LewTemple as AxelLew Temple as Axel

Lew Temple starred as Axel, one of the prisoners, along with Tomas, Oscar, Andrew, and Big Tiny, locked in the cafeteria by a guard who never returned when the apocalypse broke out. If you’ll remember, this was the first time we saw Axel, staring at the Survivors through the grating as he watched in shock as they amputated Hershel’s leg

AxelSource:  AMC

I liked Axel. I wish he was still around to fight the Saviors. He might have had problems with pharmaceuticals but he was just a good guy with bad habits. I was hoping his and Carol’s friendship would grow into something more. She needed someone who was kind. When the Governor shot him in the head as he and Carol stood in the courtyard talking, it hurt my heart.
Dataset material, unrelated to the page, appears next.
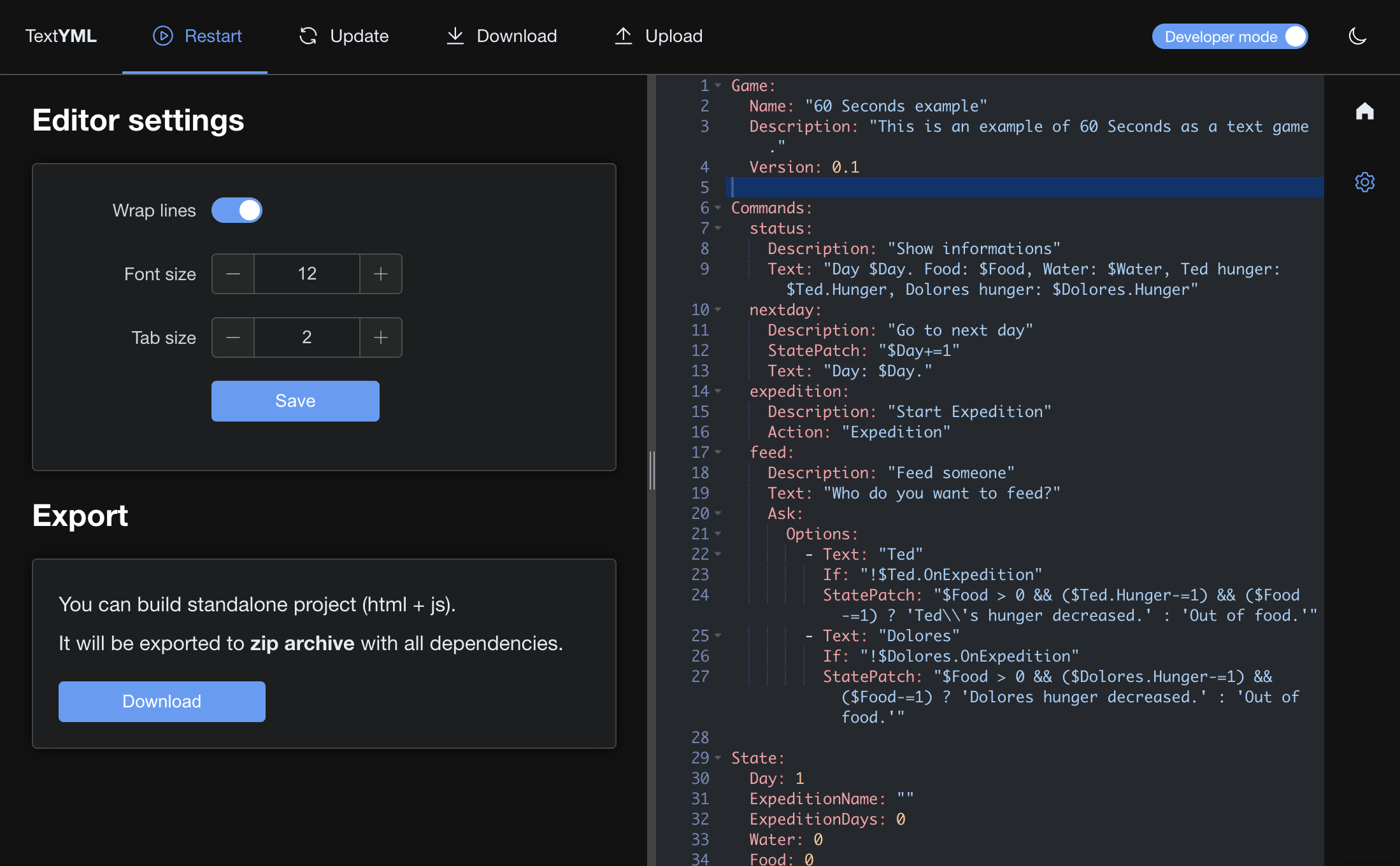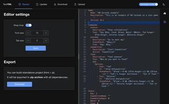 Game code is based on YAML files, which contain all the logic (hence the name TextYML).

Then when Carol had to use his body for protection from the hail of bullets, I think Axel would have been proud he helped save her, albeit posthumously.

Source:  AMC

Lew is just as great a guy as Axel was, minus the pharmaceuticals. 😉 I guess an actor’s personality can’t help but shine through in the character he is portraying. You can read all about him below in his baker’s dozen interview.

Where were you born and where did you grow up?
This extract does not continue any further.